Testing some semantic models for classification
Files:
edgar_scrapper.py -- Downloads the document data from https://www.sec.gov/Archives/edgar/data/51143/ and saves the documents in pdf format with the name formatted in this way: [name_of_folder]_[name_of_file]_[label(type)].pdf. Over 7000 files gathered for 34 classes.
get_data_classes.py -- Extracts the content of the files and has functions to divide the data in training and testing sets.
data_preprocess.py -- Has functions to preprocess the data for the models.
models.py -- Code for the training and testing of different models.
Results:
LDA: using topic modeling for classification. Partially based on https://towardsdatascience.com/unsupervised-nlp-topic-models-as-a-supervised-learning-input-cf8ee9e5cf28
Classifiers scores for LDA bow model.
- Score for classifier Logistic Regression SGD: 0.640555
- Score for classifier SVM Huber: 0.640555
- Score for classifier Random Forest: 0.640555
Classifiers scores for LDA bigram model.
- Score for classifier Logistic Regression SGD: 0.640555
- Score for classifier SVM Huber: 0.000112
- Score for classifier Random Forest: 0.640555
Classifiers scores for LDA trigram model.

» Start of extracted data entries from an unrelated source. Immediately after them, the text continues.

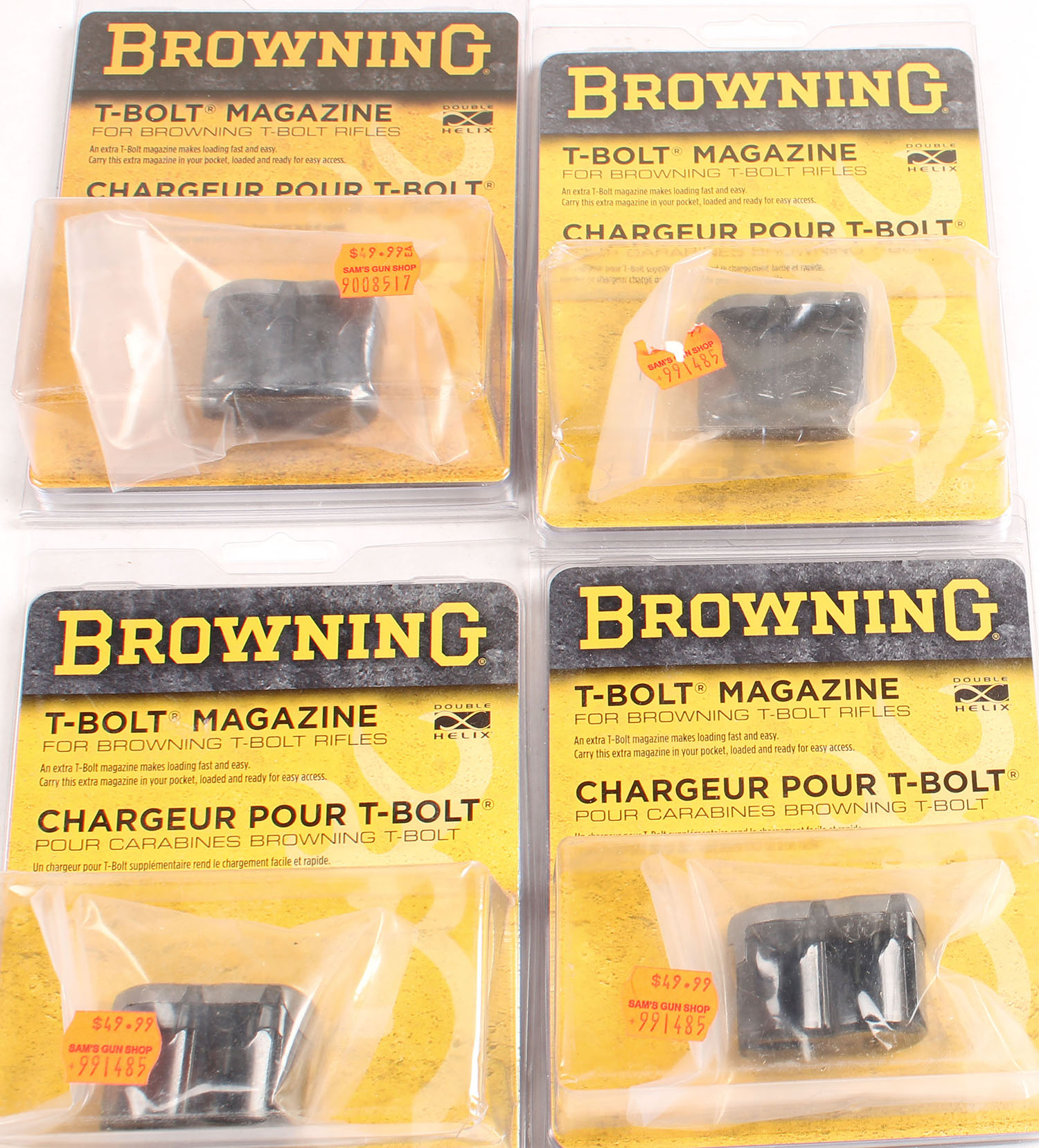 Lot of four, Browning T-bolt 10 Rd .22LR mags, all in original packaging. Grade: Excellent - Value: 100 to 200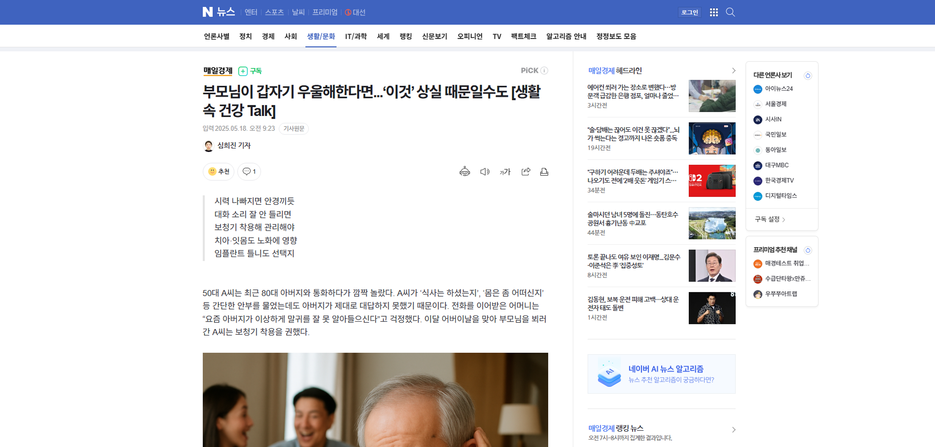 - 다음글우리 부모님은 괜찮을까…70대 이상 남성 52.9% ‘중증 난청’ 25.05.19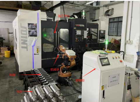 為了滿足客戶對場地有限、產(chǎn)品工序單一的需求,我們特別設(shè)計了一條一配一的自動化產(chǎn)線。這條產(chǎn)線由一臺六關(guān)節(jié)機械手和一臺加工中心組成,還配備了料架和控制電柜。整體形式簡潔明了,運行高效穩(wěn)定。

- Score for classifier Logistic Regression SGD: 0.641057
- Score for classifier SVM Huber: 0.640555
- Score for classifier Random Forest: 0.000075
Note: There was a problem using the default BLAS library with the numpy and scipy where the multicore functionality was not working properly. Changing to using the openBLAS library fixed the multicore issues. Also, openBLAS is fairly optimized in comparison to the default one so the models now run much faster. The TF-IDF based model is still too heavy for single laptop.